__Work request__
Only the lines below from the one that holds "Que ce soit" through the one that holds "豆包是如何做到对当地了解如此" should appear in the answer, copied exactly, end lines included and pictures omitted.

__Study material__
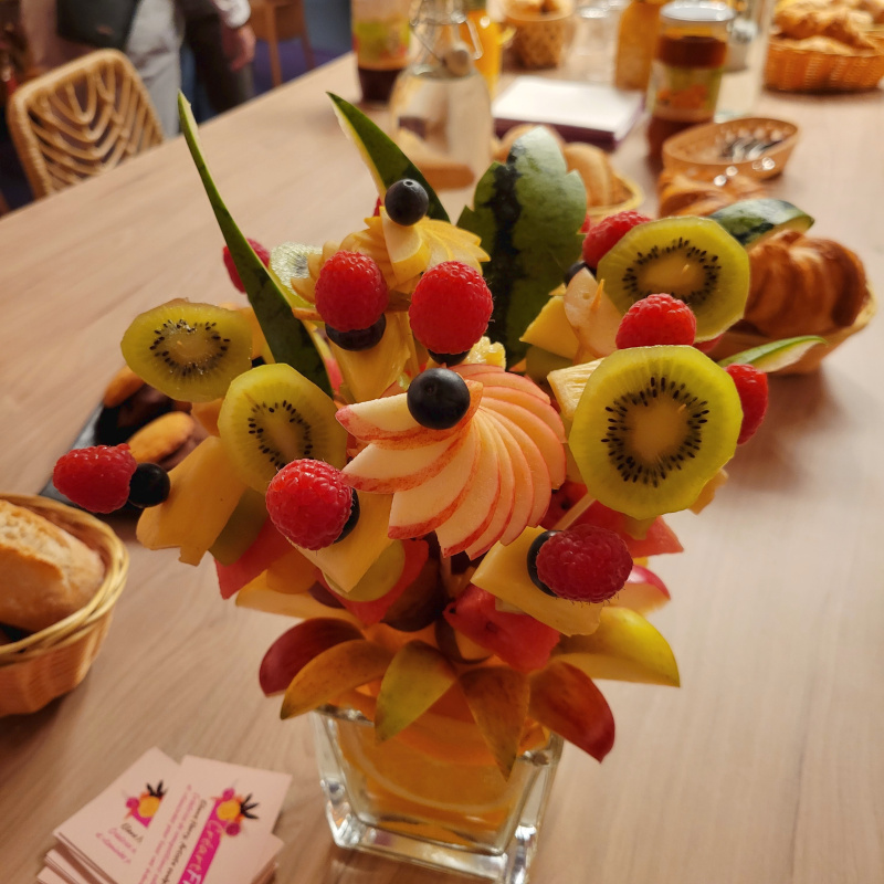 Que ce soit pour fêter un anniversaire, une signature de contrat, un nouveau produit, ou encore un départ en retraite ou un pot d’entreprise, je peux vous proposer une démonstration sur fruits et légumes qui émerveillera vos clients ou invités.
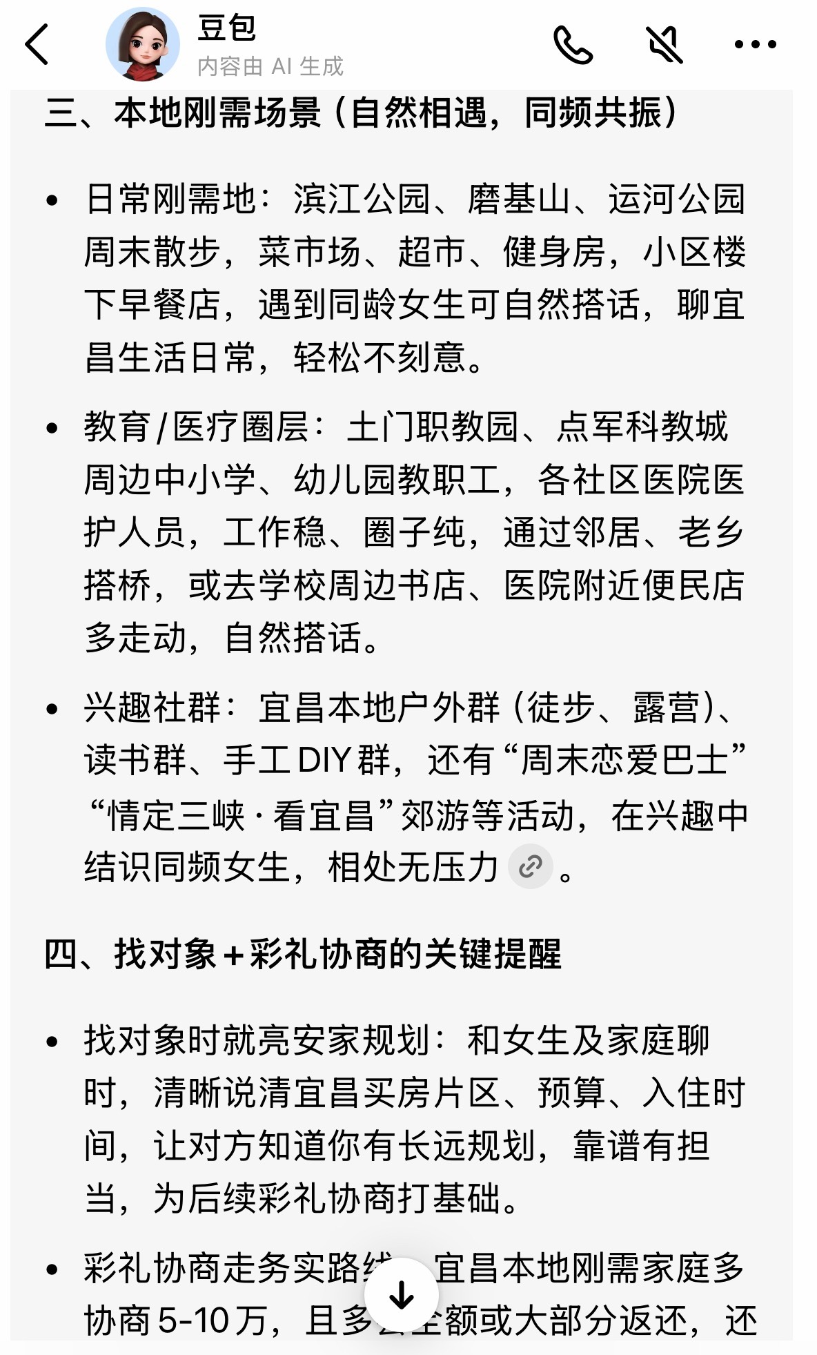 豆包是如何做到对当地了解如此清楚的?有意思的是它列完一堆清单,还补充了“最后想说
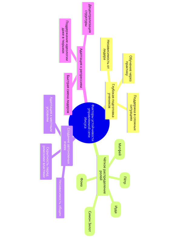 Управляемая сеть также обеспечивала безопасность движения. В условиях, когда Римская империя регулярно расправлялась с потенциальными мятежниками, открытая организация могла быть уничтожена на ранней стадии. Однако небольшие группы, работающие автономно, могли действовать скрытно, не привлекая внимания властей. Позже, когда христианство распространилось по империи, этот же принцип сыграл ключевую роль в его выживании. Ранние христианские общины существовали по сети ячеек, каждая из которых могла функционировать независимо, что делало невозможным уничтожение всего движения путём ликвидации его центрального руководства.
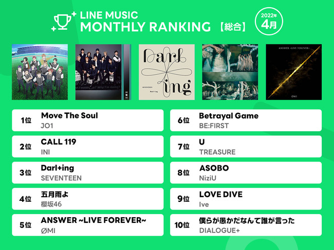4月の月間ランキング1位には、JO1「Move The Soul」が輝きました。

...

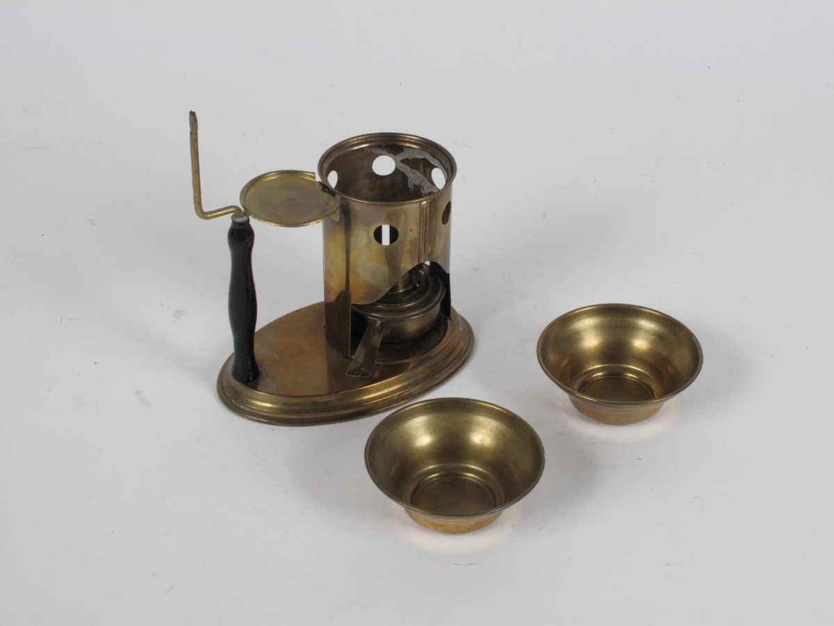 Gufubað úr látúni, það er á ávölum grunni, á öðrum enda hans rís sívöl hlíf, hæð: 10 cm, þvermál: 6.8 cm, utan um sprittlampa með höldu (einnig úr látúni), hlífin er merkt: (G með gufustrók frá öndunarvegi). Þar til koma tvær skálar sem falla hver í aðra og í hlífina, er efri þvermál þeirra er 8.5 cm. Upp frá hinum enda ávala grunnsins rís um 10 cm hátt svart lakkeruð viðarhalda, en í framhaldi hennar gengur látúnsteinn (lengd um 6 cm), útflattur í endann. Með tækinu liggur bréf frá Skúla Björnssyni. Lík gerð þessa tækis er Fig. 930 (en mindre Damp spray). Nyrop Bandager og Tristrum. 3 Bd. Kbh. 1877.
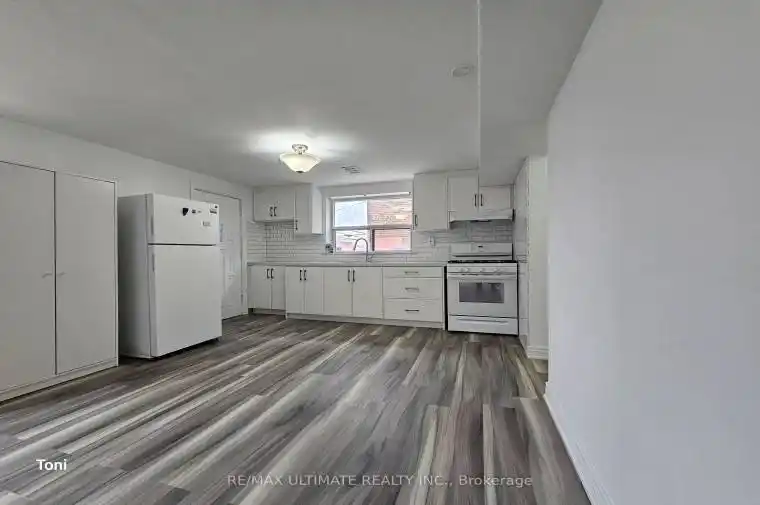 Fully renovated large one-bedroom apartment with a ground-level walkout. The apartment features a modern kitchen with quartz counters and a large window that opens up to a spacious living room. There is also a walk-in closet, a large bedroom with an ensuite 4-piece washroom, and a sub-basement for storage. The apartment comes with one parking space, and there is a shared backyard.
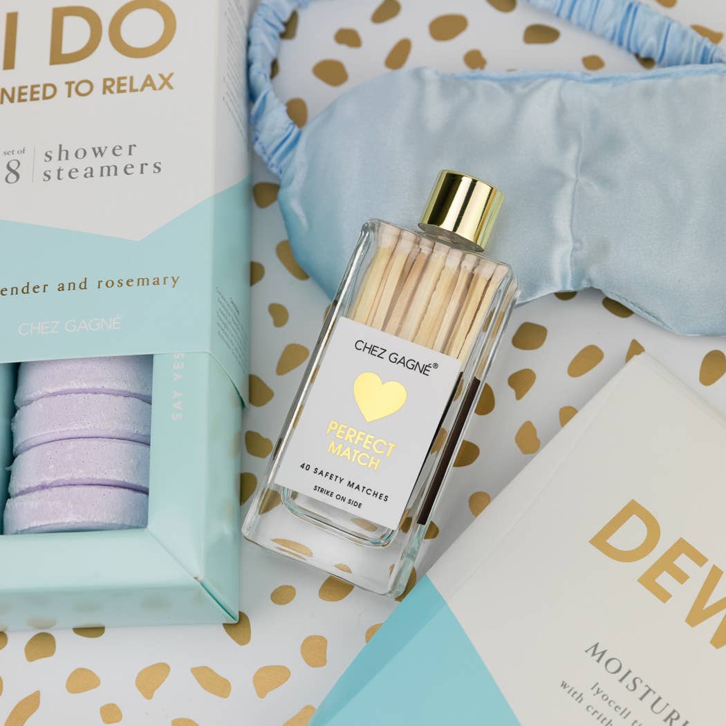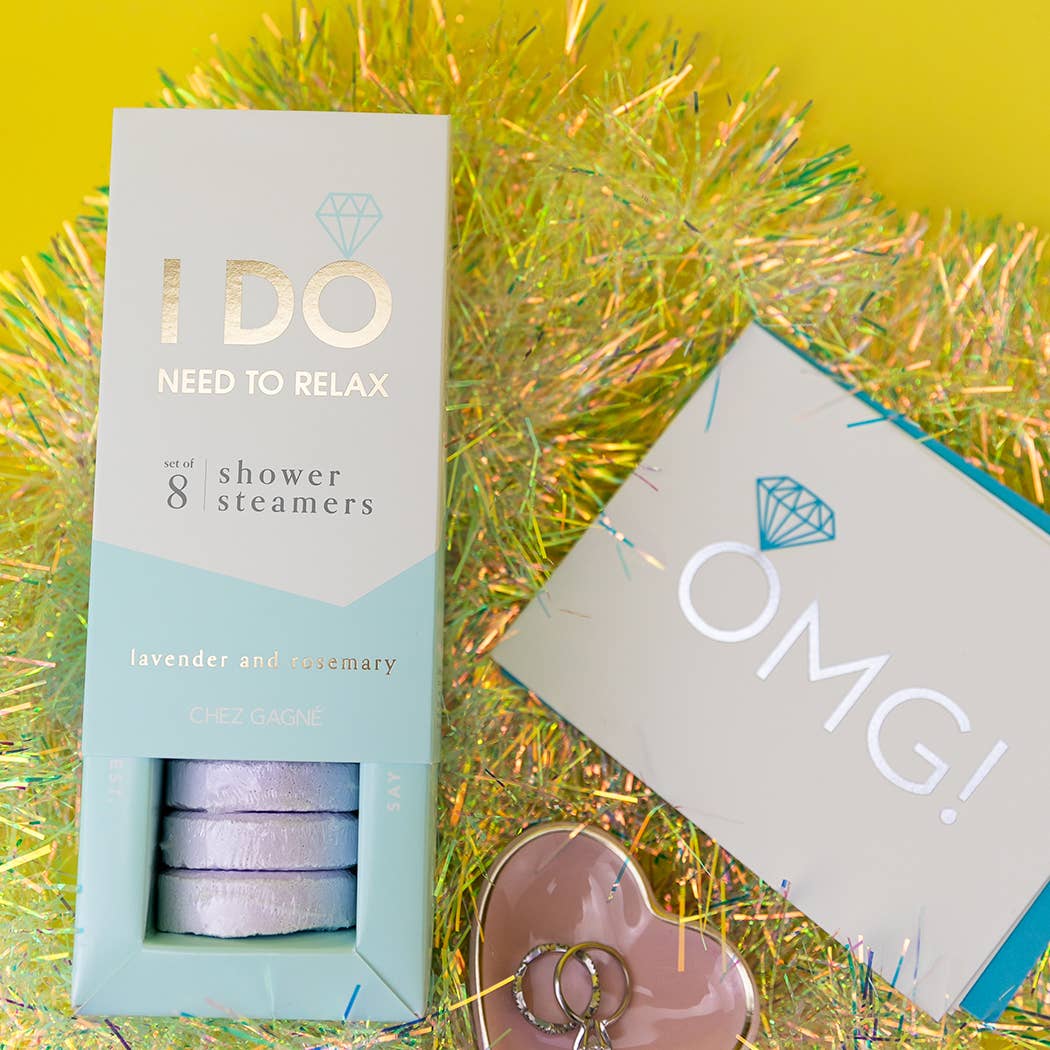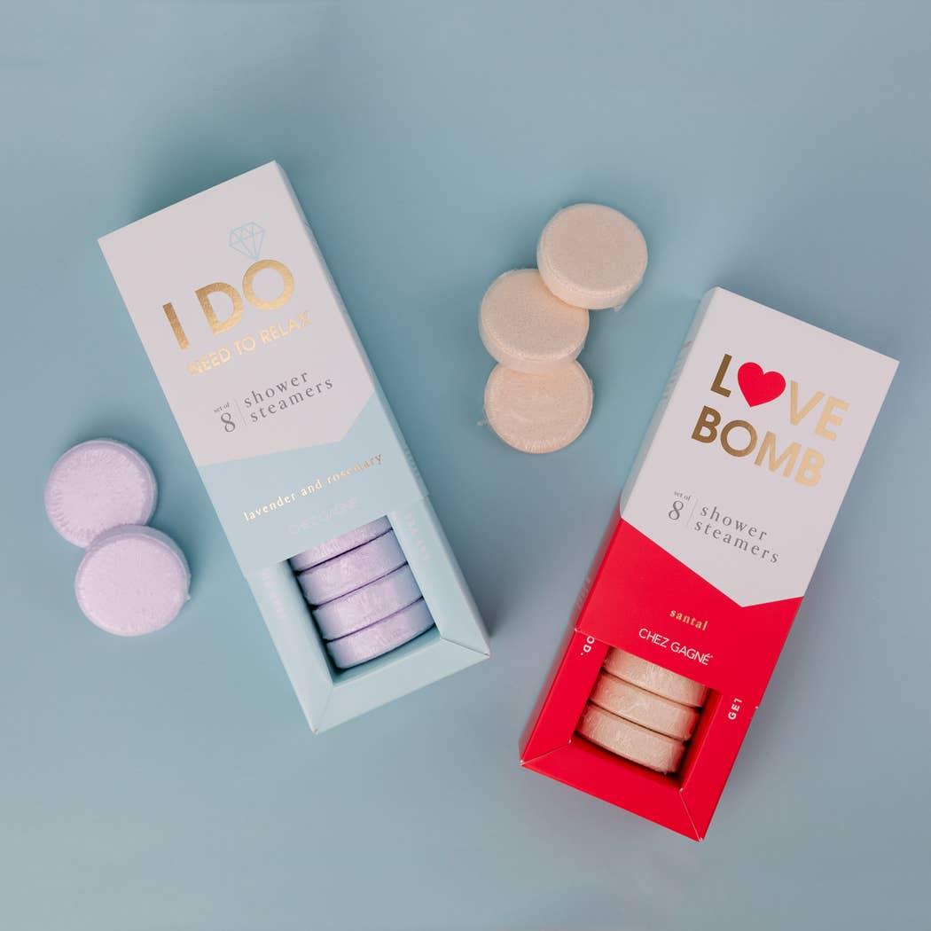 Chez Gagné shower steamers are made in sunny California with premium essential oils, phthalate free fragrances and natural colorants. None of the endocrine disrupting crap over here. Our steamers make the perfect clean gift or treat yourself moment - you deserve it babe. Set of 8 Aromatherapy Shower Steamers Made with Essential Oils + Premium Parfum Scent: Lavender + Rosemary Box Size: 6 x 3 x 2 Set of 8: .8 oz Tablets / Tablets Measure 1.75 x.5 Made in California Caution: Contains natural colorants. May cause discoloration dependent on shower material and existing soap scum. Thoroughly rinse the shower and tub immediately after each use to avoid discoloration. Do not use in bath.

__Response area__
 Que ce soit pour fêter un anniversaire, une signature de contrat, un nouveau produit, ou encore un départ en retraite ou un pot d’entreprise, je peux vous proposer une démonstration sur fruits et légumes qui émerveillera vos clients ou invités.
 豆包是如何做到对当地了解如此清楚的?有意思的是它列完一堆清单,还补充了“最后想说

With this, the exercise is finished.